How do I treat low muscle tone in children?
Although most children with low muscle tone gradually get better as they grow up, there are some that may still experience the same difficulties even into adulthood. Fortunately, there are many types of therapies available for young children with this condition. Below are two of the most effective therapies in treating low muscle tone in children:
Occupational therapy aims to treat those with poor motor skills. In the case of children, this could mean activities from tying their shoelaces to activities to function well in school such as typing and writing. Occupation therapy also takes on a personalized approach wherein the occupational therapist will have to look into the child’s condition, weaknesses, and strengths before proceeding to the therapy itself. After proper diagnosis, the therapist will come up with a series of activities that the child will partake in.
Listed below are some of the activities that can support your child:
- Gross motor activities
- Develop underlying skills such as body awareness, postural control, and endurance
- Play based activities
- Graded activities
- Hard muscle work exercises or games
You might be asking yourself, “why would I need a speech therapist for my child if he has a low muscle tone problem?” A child’s face (or any face for that matter) also has muscle that enables us to contort our faces into different expressions, smile, laugh, and basically any other movement that requires our face. Speech therapy aims to improve the child’s ability to speak and express themselves as well as understanding language which also includes nonverbal ones.
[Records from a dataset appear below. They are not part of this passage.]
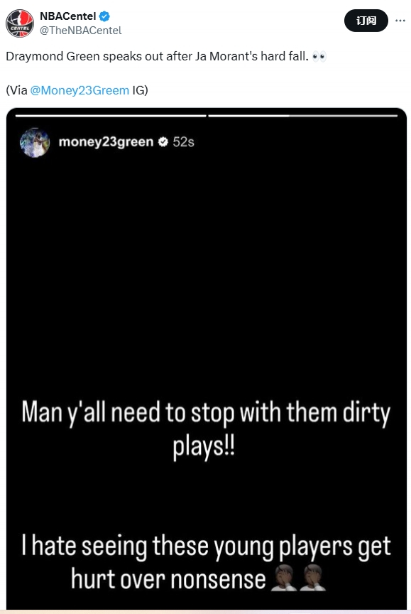 直播吧04月25日讯 今日著名假账号NBA Centel在莫兰特受伤后,发文伪造德雷蒙德-格林发言:“你们要停止那些脏动作了我痛恨看到年轻人离谱地受伤。”
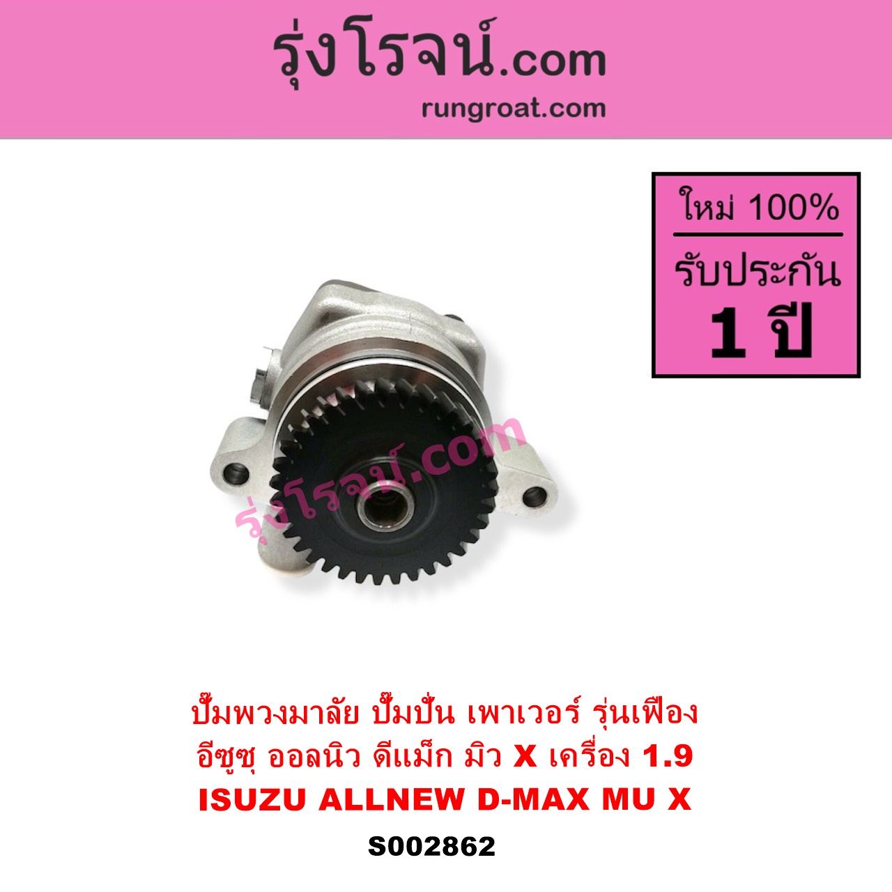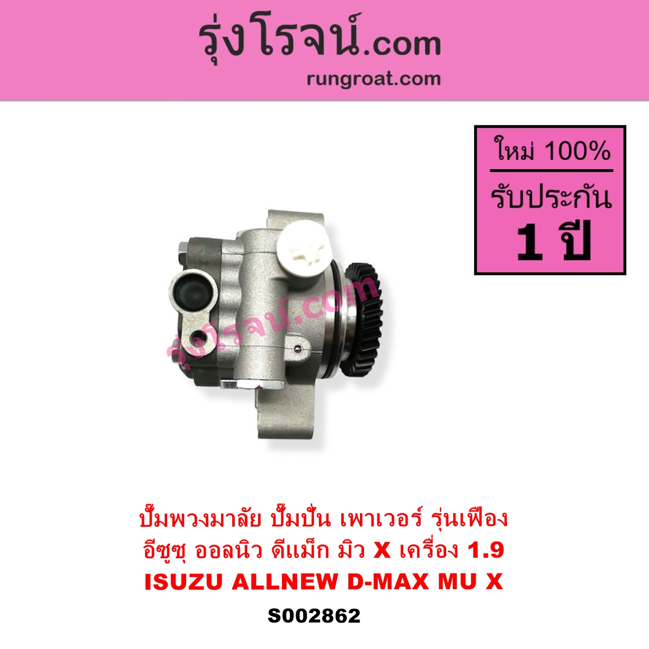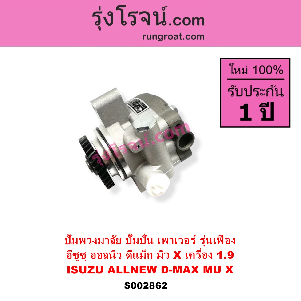 | S002862 | ปั๊มปั่นเพาเวอร์ (ปั๊มพวงมาลัย ตัวปั่น เพาเวอร์) | ISUZU (อีซูซุ) / D-MAX (ออนิว ออลนิว ดีแม็ก ดีแม็ค DMAX 2012 – 2019) (วีครอส V-CROSS / บลูเพาเวอร์ / 1.9) , ISUZU (อีซูซุ) / MU X (มิว X 2014 – 2019) |
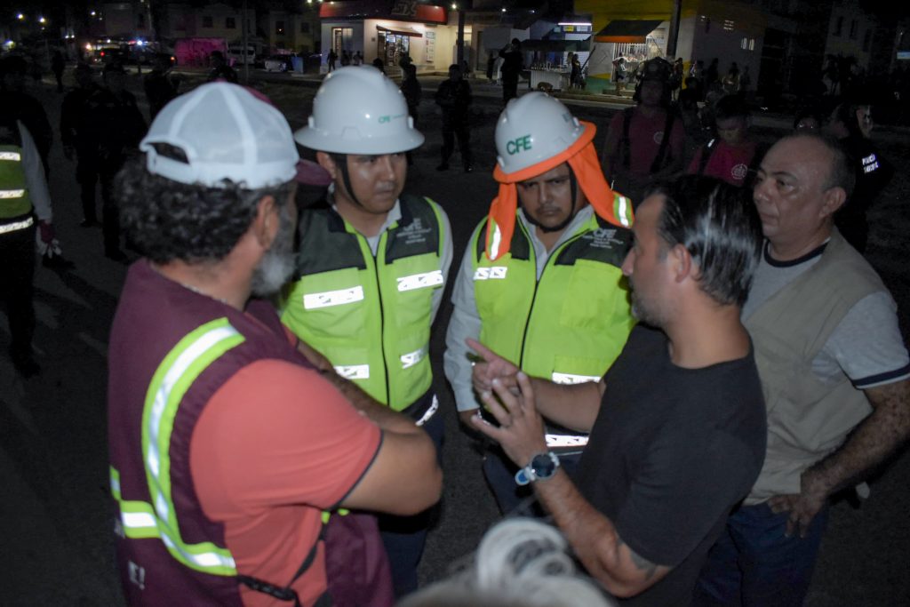Durante su visita, el Secretario General coordinó acciones con personal de la Comisión Federal de Electricidad (CFE), Servicios Públicos Municipales y elementos del Heroico Cuerpo de Bomberos. Gracias a esta intervención, minutos después se restableció el servicio de electricidad en la zona.
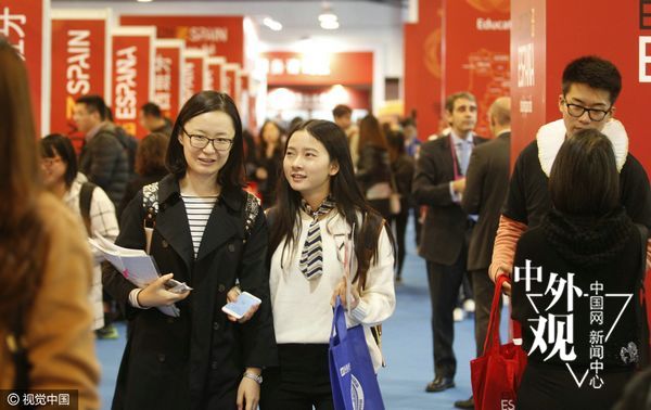 2016年10月22日,北京中國國際教育展上,學生和家長在參觀出國留學展臺。視覺中國
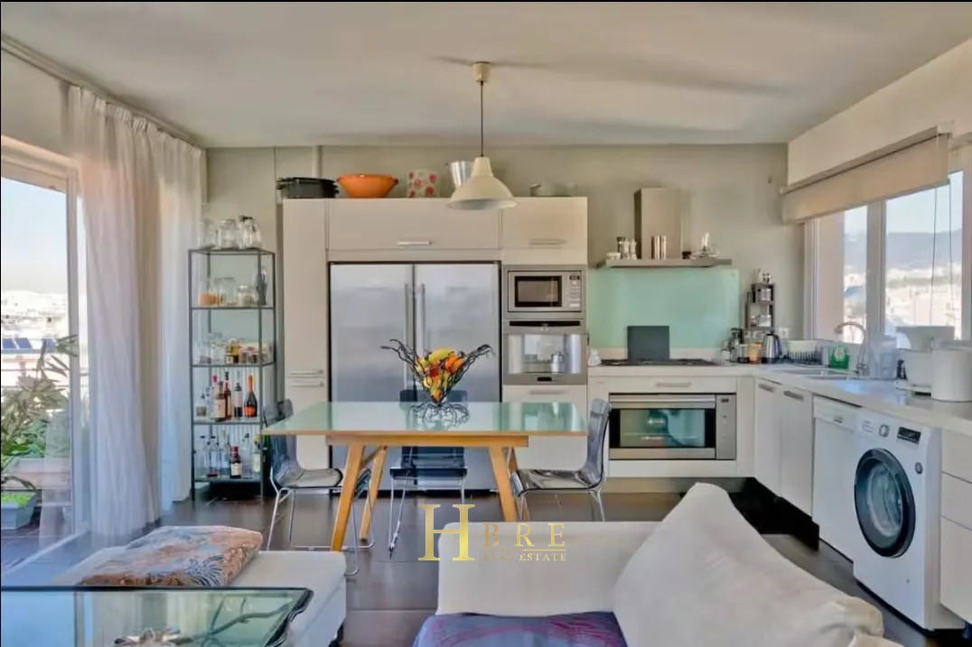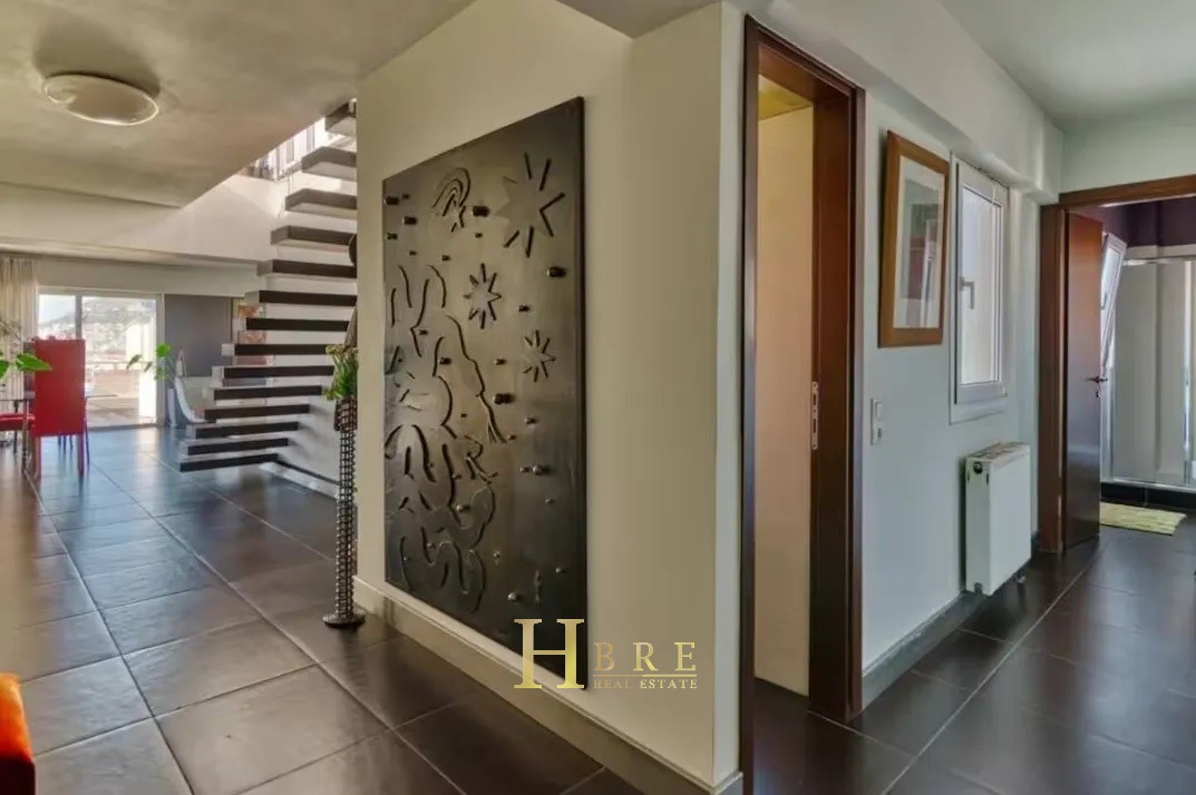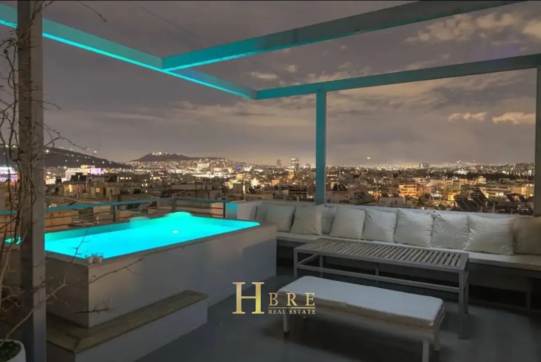 It consists of 2 levels, large terraces with an unobstructed view of the center of Athens, the Acropolis and Lycabettus, and with a private swimming pool, 2 living rooms, a modern kitchen fully equipped, 2 bedrooms and 2 bathrooms and 1 wc, it offers large open spaces and a special architectural character. The property has autonomous natural gas heating, fireplace, air conditioning, solar, security door, elevator, warehouse and parking. Every nook and cranny is designed to offer functionality and style, with cheerful tones and understated, elegant decor that highlights the stunning exterior and interior spaces.

Speech therapy involves two elements, namely the coordination of the mouth in order to produce words and sentences from sounds, and expressing and understanding language. Given that, below are some of the activities that a speech therapist would let your child partake in:
- Muscle strength in the face
- Oral awareness
- Alternative forms of communication
- Communication strategies
- Daily activities
- Step by step goals
- Visual information
- Positive reinforcement
- Liaising with educationals staff if appropriate
When should I see a doctor?
Low muscle tone in children can often be seen and diagnosed right after birth during health checks. In other instances, this condition will be much evident later on. You will gradually notice these in their motor developmental stages which will be delayed should they have low muscle tone.
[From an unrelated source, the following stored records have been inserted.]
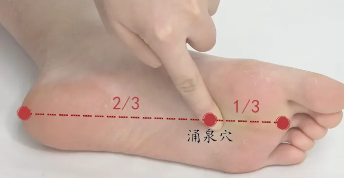 • 按涌泉穴:
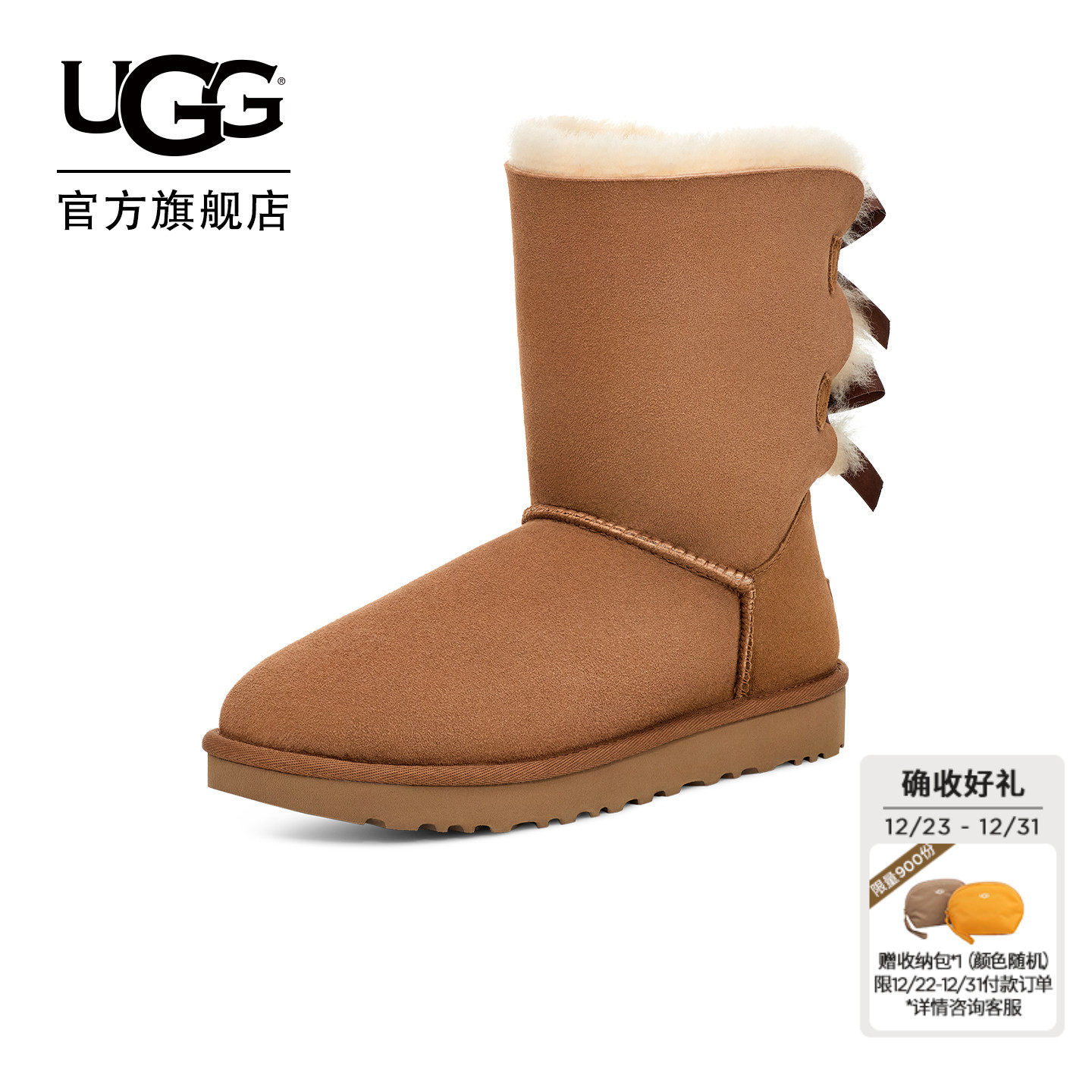 UGG秋冬女士时尚舒适平底圆头蝴蝶结纯色短靴休闲雪地靴 1016225
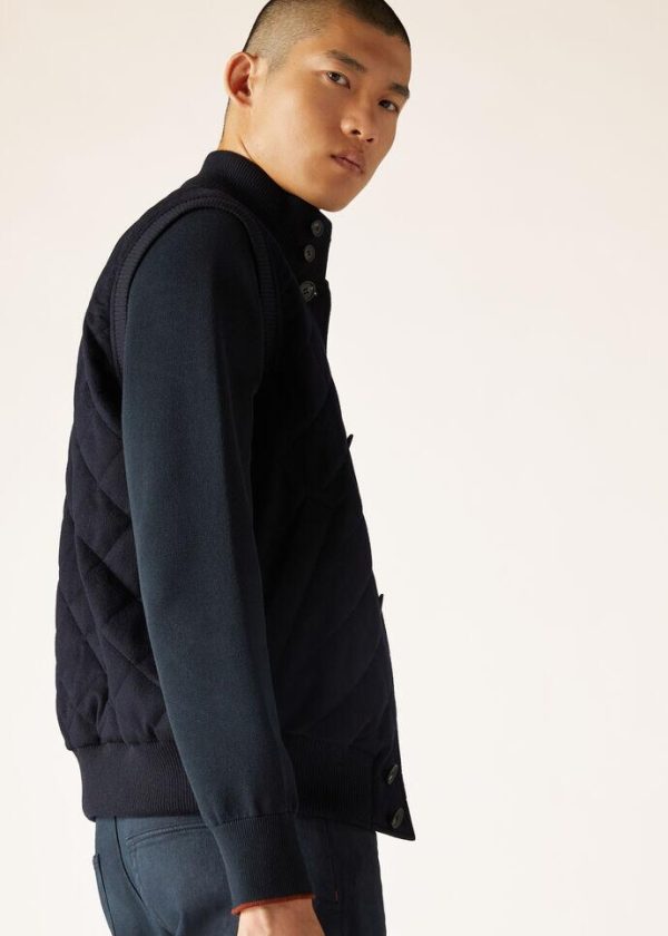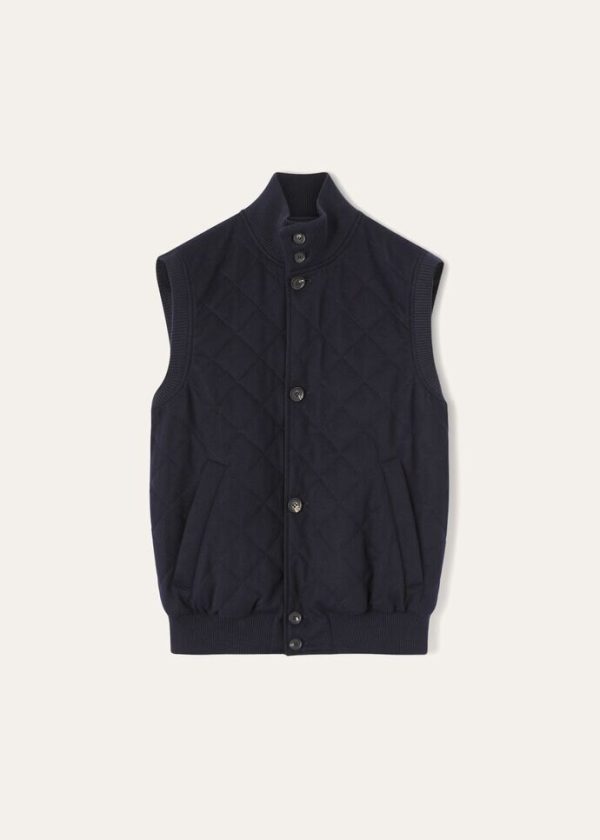 Reversible gilet. One side is in extremely fluffy cashmere fabric that feels like velvet, while the other is in Wind Stretch microfibre with a waterproof, wind-resistant Storm System® treatment. Classic, diamond-shaped quilting accentuates its decidedly bold, sporty allure.

If you have a growing concern for your child with regards to this condition, don’t hesitate to seek help from your pediatrician or your GP. If found necessary, you will be directed to a pediatrician who will investigate further for a more accurate diagnosis and causes of your child’s low muscle tone. Other therapists, as mentioned earlier, may also come into the picture in order to provide advice and support on which types of activities and treatment you should avail to help your child.
It’s also important to go to your doctor for this because there are also instances where low muscle tone is just a symptom of a different disease. Your pediatrician may advise you to take particular treatments and therapies in order to resolve this condition.
This might not be a normal occurrence to a child, like a flu or any other disease, but it is also not a lost cause. There is a wide array of available treatments, therapies, and activities that can help support your child’s low muscle tone. Even then, in time, there is a higher possibility that your child will gradually catch up with their developmental milestones.